Elian nodded slowly. "You told Vela you’d come back. You kept that promise."
"I did," Amaron said.
"Good." Elian clapped him on the shoulder. "Now let’s go home. My mother’s going to want to know you’re alive, and she’s going to feed you something excessive to celebrate."
They walked out of the Guild hall together into the afternoon light of Valdenmere. Amaron thought about the Rift Sovereign that shouldn’t have existed, about the Memory Index that was becoming less reliable with every major event, about the fact that he was going to be reassessed as A-rank and there would be no hiding anymore.
But he also thought about walking toward a house with a dark green door where someone was waiting to know he’d survived.
The script had failed. The timeline was breaking. And somehow, against all his careful planning, that was fine.
Because he’d built something better than a plan. He’d built a life.
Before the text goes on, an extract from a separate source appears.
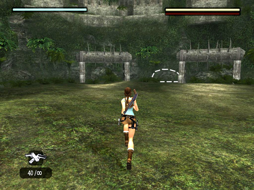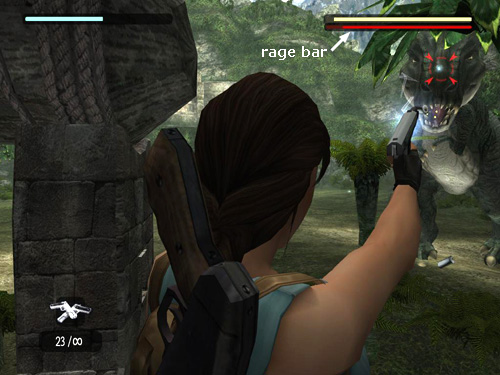 If you shoot at the rex long enough, his rage meter will max out and he may charge. Then Lara is in trouble. Instead shoot until the rage meter almost reaches the maximum (as shown above), then stop shooting, wait for the beast to calm down before starting to shoot again. Killing the big dinosaur this way takes a while, but when you have finally whittled its health bar down to near zero, the next cut scene starts.

And he was starting to understand that might actually be the point.
[ VOID SYSTEM — DAY 115 STATUS ]
[ MANA RESERVE: 2,215 units ]
[ DEMONSTRATED CAPABILITY: HIGH A-RANK ]
[ COVER STATUS: COMPLETELY DESTROYED ]
[ TIMELINE DIVERGENCE: CATASTROPHIC ]
[ ORIGINAL VALEN OUTCOME: GRADE 3 STABILIZATION, STANDARD EXECUTION ]
[ ACTUAL OUTCOME: GRADE 5 ENTITY NEUTRALIZED, HOST EXPOSED ]
[ MEMORY INDEX RELIABILITY: DECLINING ]
[ ASSESSMENT: SCRIPT NO LONGER VIABLE ]
[ NEW OPERATIONAL MODE: ADAPTIVE RESPONSE ]
[ HOST PRIORITY CONFIRMED: PEOPLE > PLAN > PREDICTABILITY ]
[ CONCLUSION: ACCEPTABLE. PROCEED WITHOUT SCRIPT. ]
He read the assessment and felt something settle.
The script was gone. The careful twelve-year plan built on foreknowledge was obsolete. The Memory Index was becoming historical reference rather than reliable prediction.
But he had people. He had skills. He had a house with a dark green door.
He’d figure out the rest as he went.